No, "to which they drew ever nearer" wasn't right. Maybe "towards which" is more appropriate. Or is "ever nearer" the problem? Zelgadis cared about the grammar of his internal monologues. However, he had no such care for the constant reminders of the unexplained dangers looming over them all, and so when the monster swooped lower he Flare Lanced it into a leathery char. Its carcass dropped into the sea and was immediately swarmed by ecstatic sharks.
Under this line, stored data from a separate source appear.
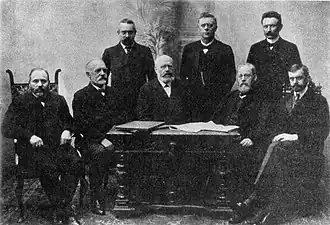 ![]() From left to tight: Sven Aarrestad, Sofus Arctander, Karl F. Griffin Dawes, Prime Minister Løvland, Magnus Halvorsen, Abraham Berge, Johan Bredal and Jørgen Brunchorst | |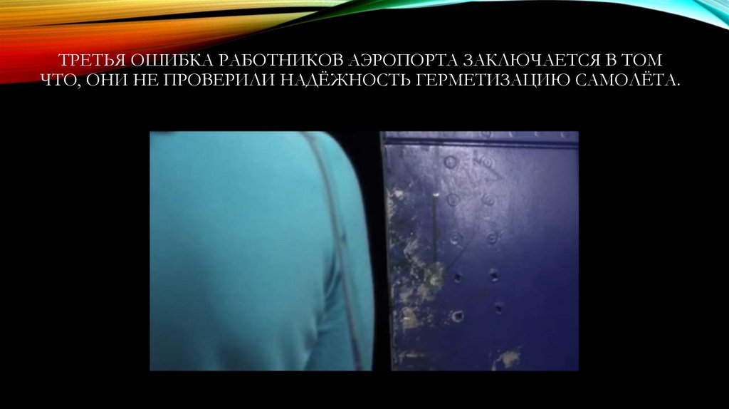 ТРЕТЬЯ ОШИБКА РАБОТНИКОВ АЭРОПОРТА ЗАКЛЮЧАЕТСЯ В ТОМЧТО, ОНИ НЕ ПРОВЕРИЛИ НАДЁЖНОСТЬ ГЕРМЕТИЗАЦИЮ САМОЛЁТА.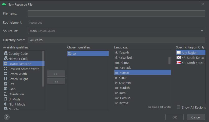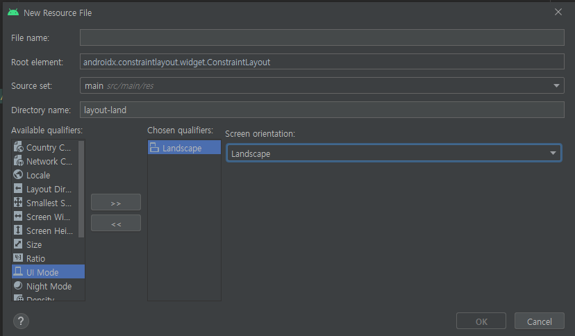 위 화면은 위에서부터 각각 layout 과 values Resource 를 만드는 화면인데요, 왼쪽에 있는 옵션을 >> 버튼으로 추가하면 특정 상황에서만 작동하는 Resource 를 만들 수 있습니다. layout 같은 경우 Landscape 옵션을 넣어 가로모드에서는 해당 레이아웃이 적용되게 만들 수 있습니다. values 에 strings.xml 파일을 지역이나 나라별로 나누어서 만들고, layout 의 text 속성에 텍스트를 직접 넣는 것이 아닌 strings.xml 에 저장한 텍스트의 name 을 전달하면, 휴대폰에 설정된 언어난 한국어냐 영어냐에 따라 다른 언어를 지원하는 것도 가능합니다. 이를 국제화라고 합니다.

The capricious vagaries of life! The arbitrary swiftness of death! How mysterious, how unknowable! Zelgadis pulled up his cowl out of sheer reflex, then lowered it again. He took several steps forward, then said to no one at all:
"I shouldn't have come."
"We agree," muttered Pokota, without looking up from the long scroll where he sketched engine schematics. Zelgadis, having filtered out Pokota's obnoxious squeak long ago, did not notice. He was still perfecting his monologue.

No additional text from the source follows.